What needs follow-up (the gaps)
- No per-turn cost overlay in dollars. The chapter is about token cost, but the chart only shows tokens. A toggle for "show cumulative $" or "average cost per turn" would close the bridge from tokens (the metric on the chart) to dollars (the metric the learner's manager cares about). Score impact: −3.
- Compactions are deterministic per seed. Re-running the same parameters always produces the same chart. A real learner would benefit from a "reseed" button that re-rolls the per-turn jitter, so they could see whether the policy is robust to natural variance. Score impact: −2.
- The detail-loss model is opaque. The math reference describes it, but the chart does not show which turns contributed to detail loss. A faint highlight or a small "lost" band below the x-axis would make the loss as visible as the gain. Score impact: −2.
- No way to inject a "burst" turn. Real sessions occasionally have a single turn that is much larger than average (a long tool output, a giant pasted document). The simulation has only mild jitter. A "burst" button that spikes turn N's RAG by 10x would teach how the policy behaves under adversarial inputs. Score impact: −2.

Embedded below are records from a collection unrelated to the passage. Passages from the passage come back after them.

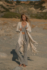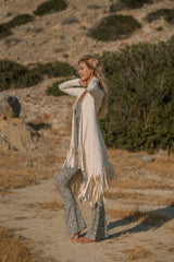 Suede Light Beige Cardigan Decorated with Fringe
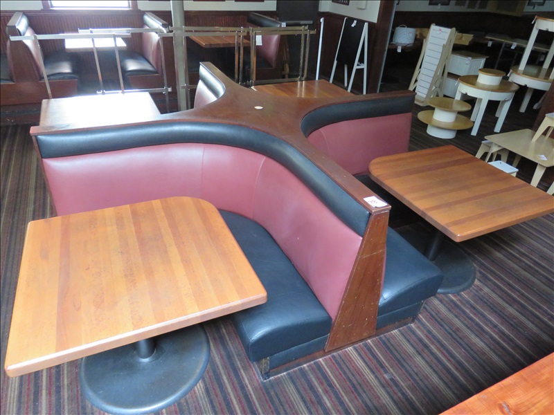 LOT, APPROX 10' X 10' CIRCLE OF BANQUET SEATING TO INCLUDE: (4) 5' X 5' CURVED BENCH SEATS & (4) 40" X 40" SINGLE PEDESTAL SOLID WOOD DINING TABLES
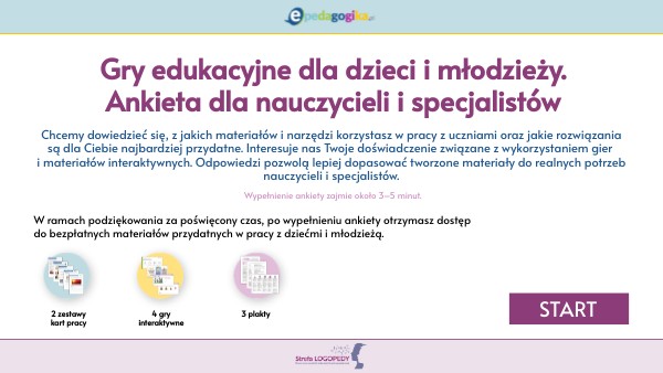 Gry edukacyjne dla dzieci i młodzieży. Ankieta dla nauczycieli i specjalistów
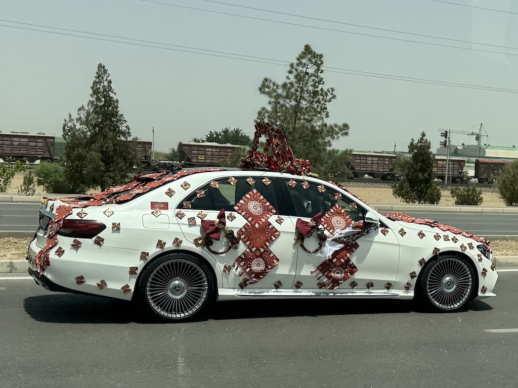 While we were driving around town, we learned that it was common to decorate one’s car for events like a wedding or graduation – below is an example of such a decorated car.
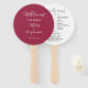 O programa do dia do casamento impresso em um fã de mão estilo redondo que apresenta um plano de fundo de cor tinto de vinho no lado frontal com os nomes da noiva e do noivo em um roteiro branco e estilizado. O verso do programa lista os participantes da festa de casamento e os ritos da cerimônia em um fundo branco com a inscrição das cinzas escuras. Edite o fã de mão e substitua as informações do programa de casamento por suas próprias. Perfeito para uma cerimônia de casamento no interior ou no exterior! Selecione o número de programas de ventilador manual desejados.
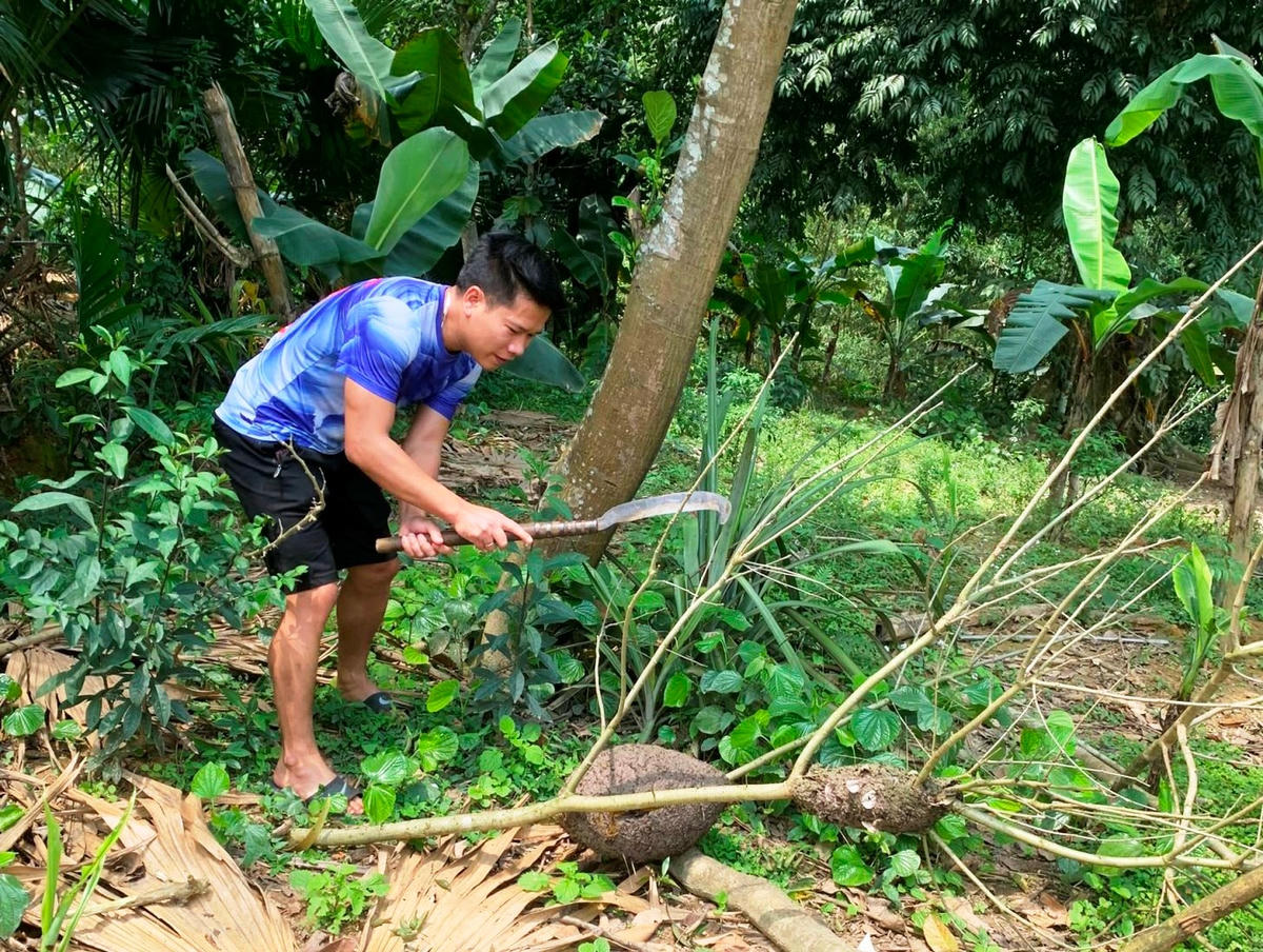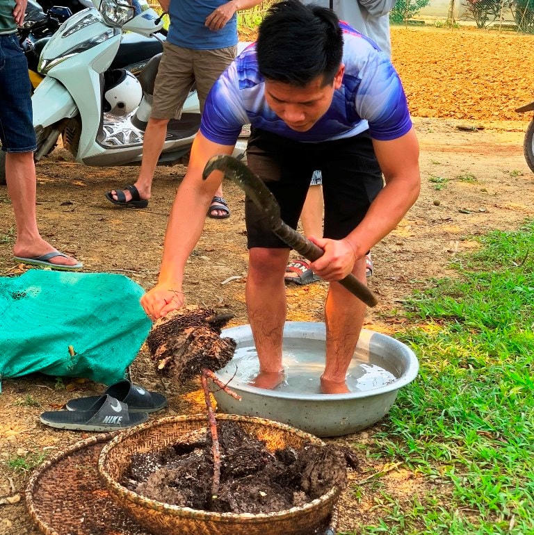 “Giơ tổ kiến lên rồi gõ gõ là trứng và cả kiến thợ rơi xuống mẹt tre như mưa. Để không bị kiến đốt, tôi thường mang theo một cái thau nước, rồi đứng trong thau có nước để ngăn kiến cắn vào chân” - anh Huy chia sẻ kinh nghiệm.
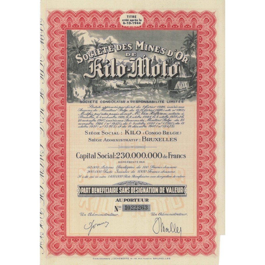 SOCIETE DES MINES D'OR DE KILO-MOTO - UNA AZIONE - 1944
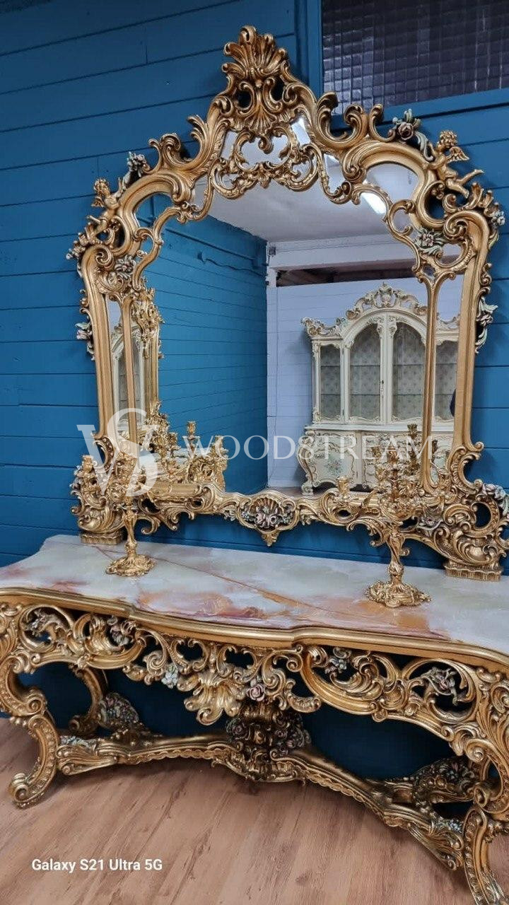 Консоль и зеркало в стиле венецианского барокко от фабрики Silik (2 штуки) / Арт-И20203
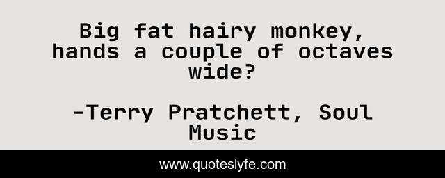 This page presents the quote "Big fat hairy monkey, hands a couple of octaves wide?". Author of this quote is Terry Pratchett, Soul Music. This quote is about librarian, music, monkey,.
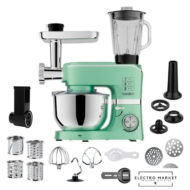 1300 Вт, планетарное смешивание, объем чаши: 5.5 л, мясорубка
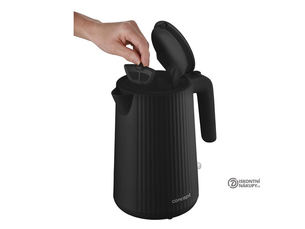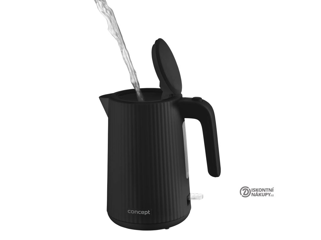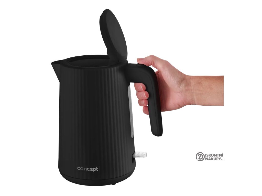 Elegantní plastová konvice s objemem 1,7 l zaujme svým stylovým černým vroubkovaným designem, který se hodí do každé kuchyně. Praktická kontrolka provozu s jemným bílým podsvícením signalizuje, kdy je konvice v chodu, a zajišťuje tak přehledné a bezpečné používání. Díky velkému objemu připravíte snadno dostatek horké vody pro celou rodinu.
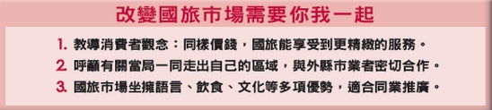 朱永達對於台灣國民旅遊市場發展極具信心,強調值得各位同業們來共同推廣,不管是語言通、飲食方面、文化保存及介紹,都相較於耕耘其它市場來得更有優勢。
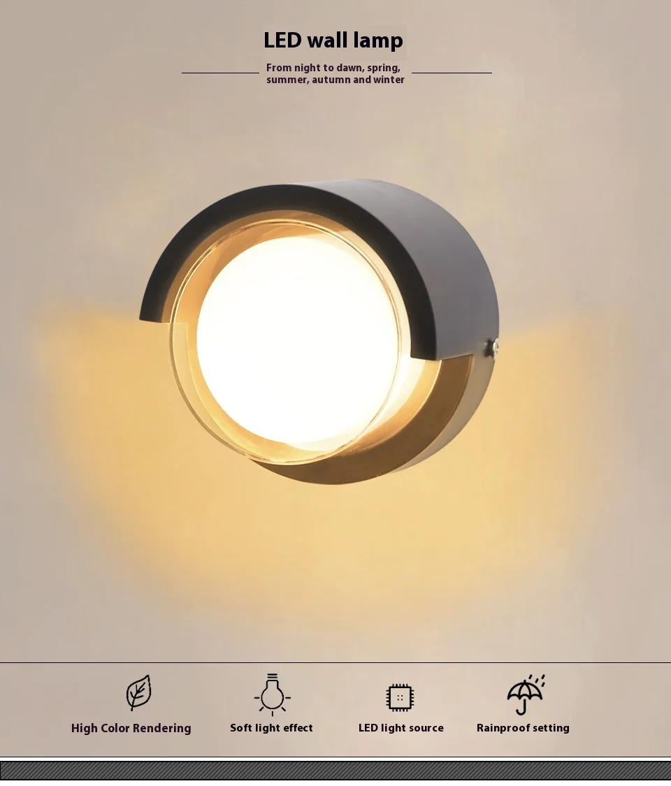Round Outdoor Sconce Lights, Low Profile Outdoor Porch Lighting, Modern Light Fixtures, 12W for Patio, Deck(6 Inch)
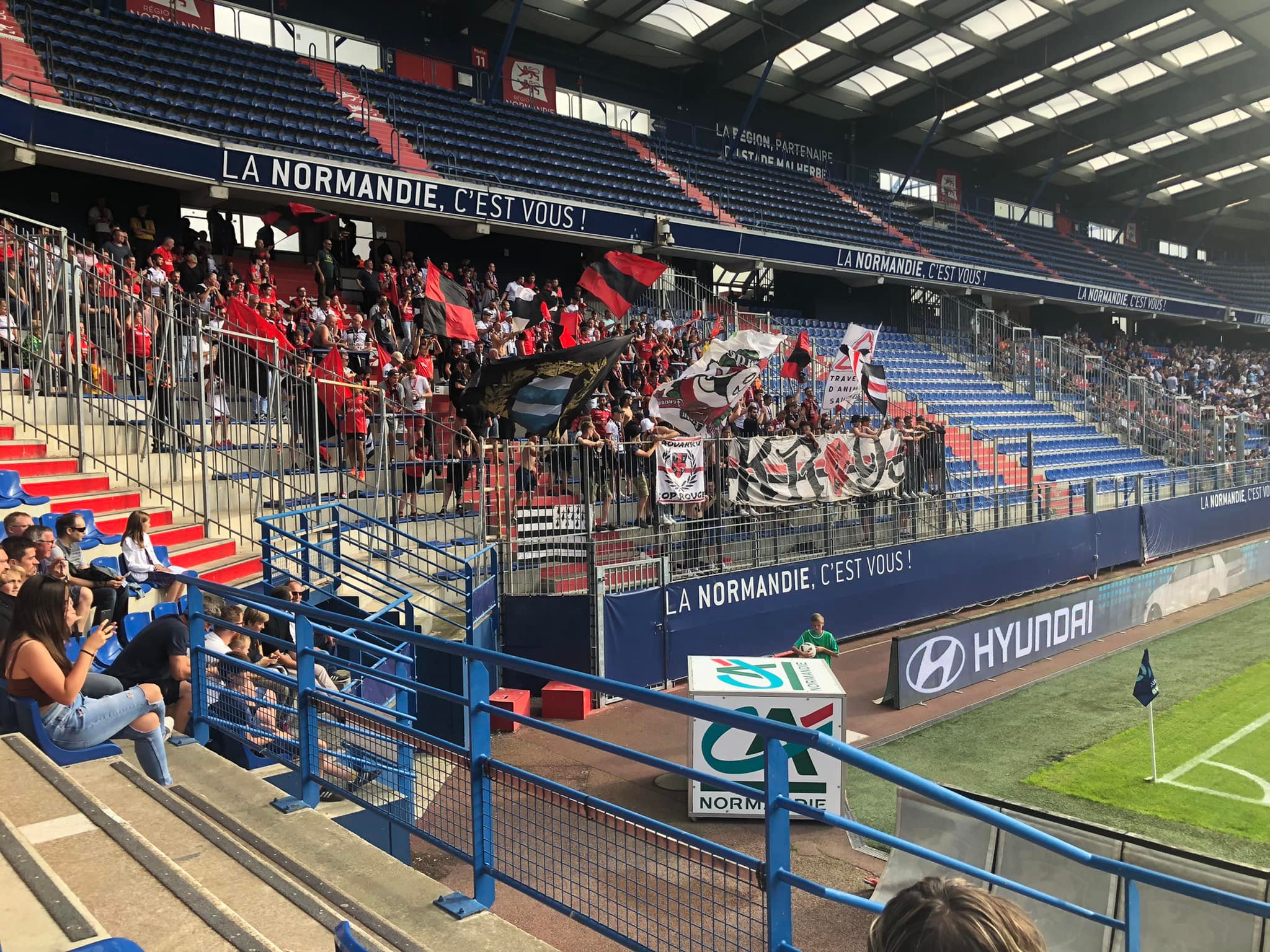 En ce samedi de novembre c'est une bonne vingtaine de Parisiens qui prennent la route en direction de la Normandie, plus précisément de Caen. Le départ est donné aux alentours de 14h30. Après ce trajet bien arrosé 🍺, nous arrivons en tribune juste avant le coup d’envoi, où nous retrouvons différents supporters de notre club. Nous mettons une tres bonne ambiance en parcage par rapport au nombre et notre équipe nous le rend bien en inscrivant l'unique but de la rencontre, ce qui nous vaut donc une belle victoire.
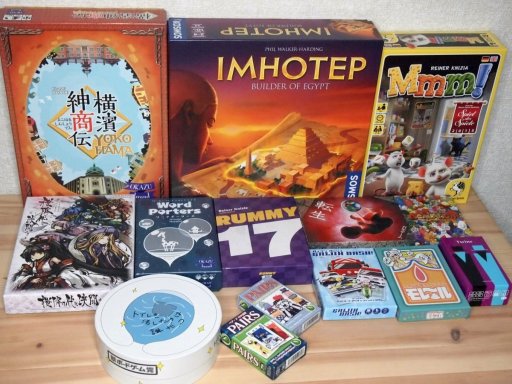 今回,筆者が買ったゲーム一覧。だいぶ少ないほうかな……。だいぶ我慢したし,欲しかったけど売り切れてたゲームもあったし。気がついたらReiner Knizia氏タイトルが多数。あと,なぜかトイレゲーも2つあり

- The aggressiveness slider mixes two concepts. "How much of the old content to summarize" and "how compressed the summary is" are conceptually distinct knobs in a real implementation; the sim collapses them into one. A second slider (compression ratio) would let advanced learners explore both dimensions. Score impact: −1.
Accessibility and clarity
- Color contrast. The five band colors (slate, purple, russet, blue, green) all pass WCAG AA against the white plot background at the band-fill opacity used.
- Color-blind safety. The purple/russet pairing is the most fragile under deuteranopia, but the spatial stacking order (system always at bottom, output always at top) provides positional redundancy. The legend uses both color and label.
- Threshold line uses red dash AND text label — color is not the only channel.
- Keyboard. Sliders and checkboxes are keyboard-focusable. The chart itself is not navigable, but the four readouts surface the chart's core conclusions in plain text.
- The tooltip uses Chart.js's default index mode, which is accessible to mouse and touch but does not automatically support keyboard. A future revision should add keyboard tooltip activation.
Cognitive load assessment
- Five stacked bands + a threshold line + tooltip + four readouts + four controls. This is at the upper edge of the 7±2 working-memory range. The grouping (chart on top, readouts in the middle, controls at the bottom) and the consistent color mapping between legend and bands keeps it tractable.
- The long x-axis (200 turns) is the right scale. Shorter would have hidden the multi-compaction pattern; longer would have crowded the bands.
- The readouts answer "what changed?" without making the learner re-read the chart, which keeps working memory available for the implementation decision (the L3 work).
Recommendation
Approve for use in Chapter 16 as currently implemented. The five gaps above are real but none of them block the L3 objective. Open follow-up tickets for items 1, 2, and 4 (highest pedagogical impact). Defer items 3 and 5 to a polish pass.
The MicroSim teaches the rule it claims to teach, makes compaction events visible without annotation, and forces the learner to weigh fidelity against cost, which is the real implementation deliverable. Ship.